----- DATA TO EXAMINE

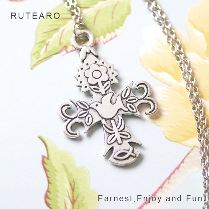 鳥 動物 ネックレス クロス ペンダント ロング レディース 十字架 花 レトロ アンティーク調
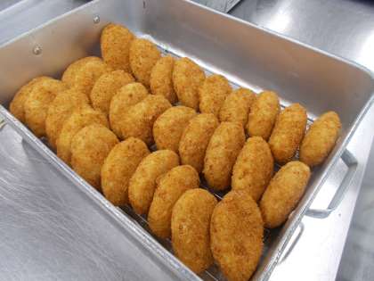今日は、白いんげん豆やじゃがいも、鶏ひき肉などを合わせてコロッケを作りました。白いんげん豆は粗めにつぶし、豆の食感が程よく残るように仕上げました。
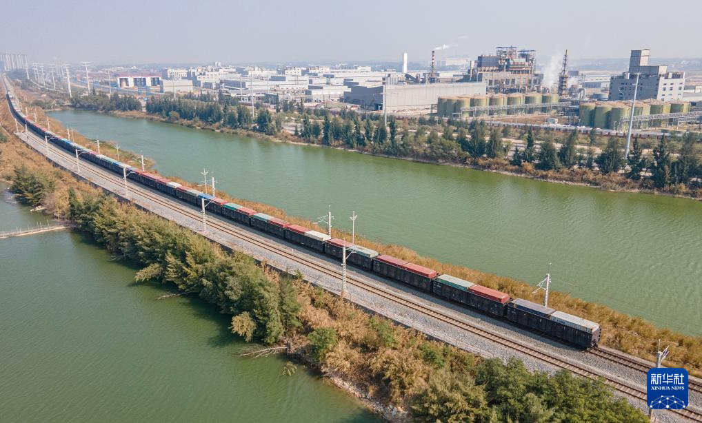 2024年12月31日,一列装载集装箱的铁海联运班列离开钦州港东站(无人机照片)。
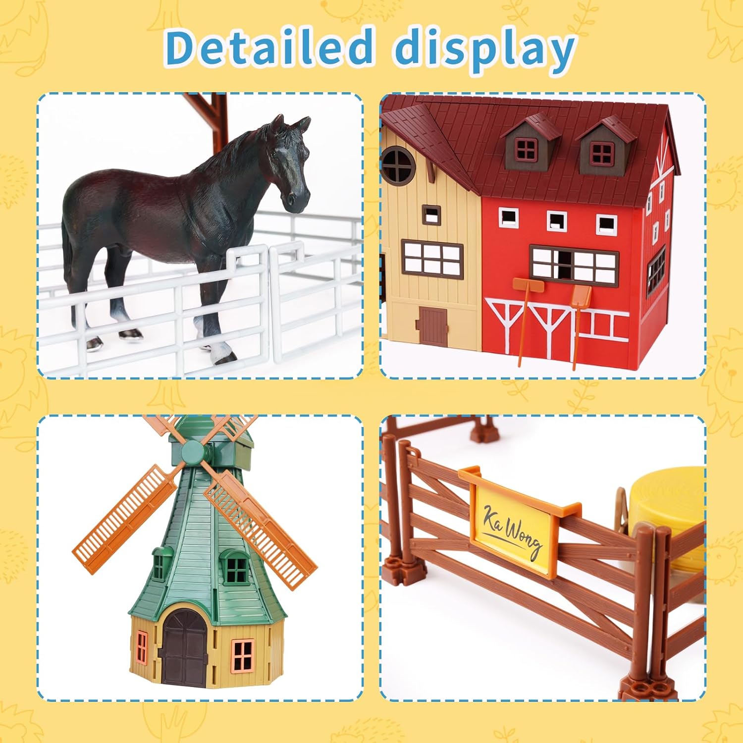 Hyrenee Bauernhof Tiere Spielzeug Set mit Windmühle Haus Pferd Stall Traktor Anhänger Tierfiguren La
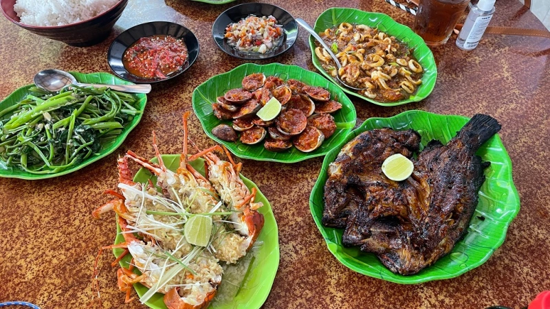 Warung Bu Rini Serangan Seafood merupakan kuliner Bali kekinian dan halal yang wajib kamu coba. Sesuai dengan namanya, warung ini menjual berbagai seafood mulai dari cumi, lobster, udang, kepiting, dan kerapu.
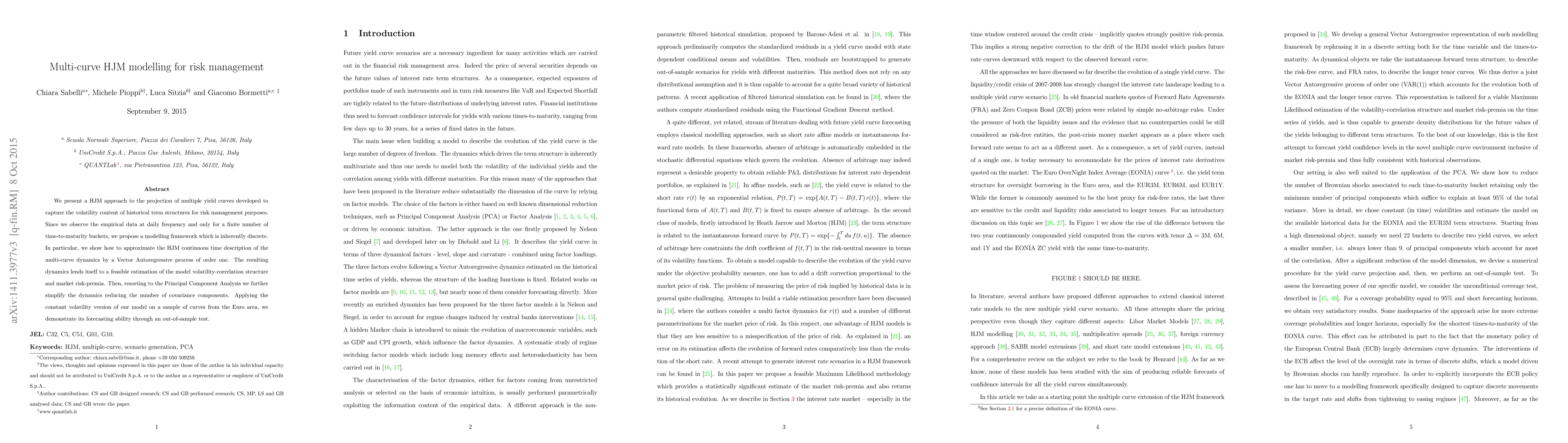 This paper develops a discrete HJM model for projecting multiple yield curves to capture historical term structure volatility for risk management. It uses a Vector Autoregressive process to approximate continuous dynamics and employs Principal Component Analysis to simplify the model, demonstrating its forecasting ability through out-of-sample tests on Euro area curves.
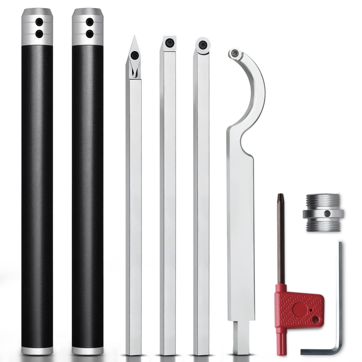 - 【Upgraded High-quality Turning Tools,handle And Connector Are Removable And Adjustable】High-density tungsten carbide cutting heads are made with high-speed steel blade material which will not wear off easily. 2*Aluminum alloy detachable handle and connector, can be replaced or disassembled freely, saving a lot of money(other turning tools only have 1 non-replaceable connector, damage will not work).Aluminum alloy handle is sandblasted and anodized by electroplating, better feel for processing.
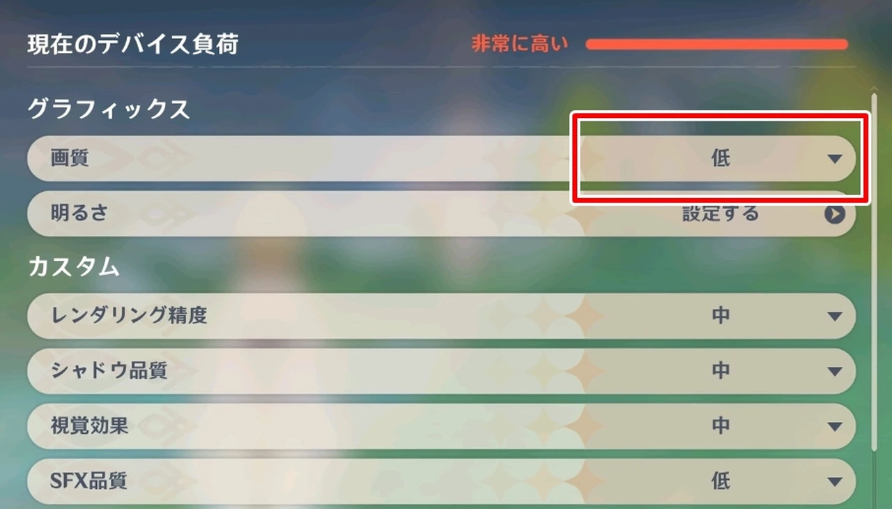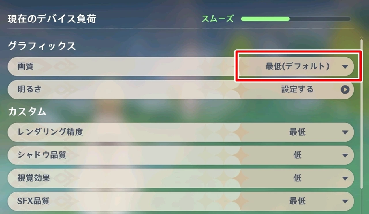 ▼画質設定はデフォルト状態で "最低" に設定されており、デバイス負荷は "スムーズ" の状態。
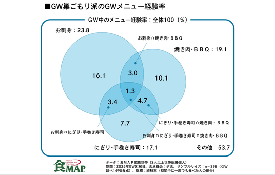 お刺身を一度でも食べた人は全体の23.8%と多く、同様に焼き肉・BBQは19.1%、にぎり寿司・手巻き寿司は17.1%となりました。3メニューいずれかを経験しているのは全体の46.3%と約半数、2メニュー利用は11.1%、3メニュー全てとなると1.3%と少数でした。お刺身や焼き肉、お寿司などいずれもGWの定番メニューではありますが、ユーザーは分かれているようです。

----------

**EXERCISE DESCRIPTION:**
Give back every record above word for word; the pictures have no place in it.

**SOLUTION TO THIS PROBLEM:**
 鳥 動物 ネックレス クロス ペンダント ロング レディース 十字架 花 レトロ アンティーク調
今日は、白いんげん豆やじゃがいも、鶏ひき肉などを合わせてコロッケを作りました。白いんげん豆は粗めにつぶし、豆の食感が程よく残るように仕上げました。
 2024年12月31日,一列装载集装箱的铁海联运班列离开钦州港东站(无人机照片)。
 Hyrenee Bauernhof Tiere Spielzeug Set mit Windmühle Haus Pferd Stall Traktor Anhänger Tierfiguren La
 Warung Bu Rini Serangan Seafood merupakan kuliner Bali kekinian dan halal yang wajib kamu coba. Sesuai dengan namanya, warung ini menjual berbagai seafood mulai dari cumi, lobster, udang, kepiting, dan kerapu.
 This paper develops a discrete HJM model for projecting multiple yield curves to capture historical term structure volatility for risk management. It uses a Vector Autoregressive process to approximate continuous dynamics and employs Principal Component Analysis to simplify the model, demonstrating its forecasting ability through out-of-sample tests on Euro area curves.
 - 【Upgraded High-quality Turning Tools,handle And Connector Are Removable And Adjustable】High-density tungsten carbide cutting heads are made with high-speed steel blade material which will not wear off easily. 2*Aluminum alloy detachable handle and connector, can be replaced or disassembled freely, saving a lot of money(other turning tools only have 1 non-replaceable connector, damage will not work).Aluminum alloy handle is sandblasted and anodized by electroplating, better feel for processing.
 ▼画質設定はデフォルト状態で "最低" に設定されており、デバイス負荷は "スムーズ" の状態。
 お刺身を一度でも食べた人は全体の23.8%と多く、同様に焼き肉・BBQは19.1%、にぎり寿司・手巻き寿司は17.1%となりました。3メニューいずれかを経験しているのは全体の46.3%と約半数、2メニュー利用は11.1%、3メニュー全てとなると1.3%と少数でした。お刺身や焼き肉、お寿司などいずれもGWの定番メニューではありますが、ユーザーは分かれているようです。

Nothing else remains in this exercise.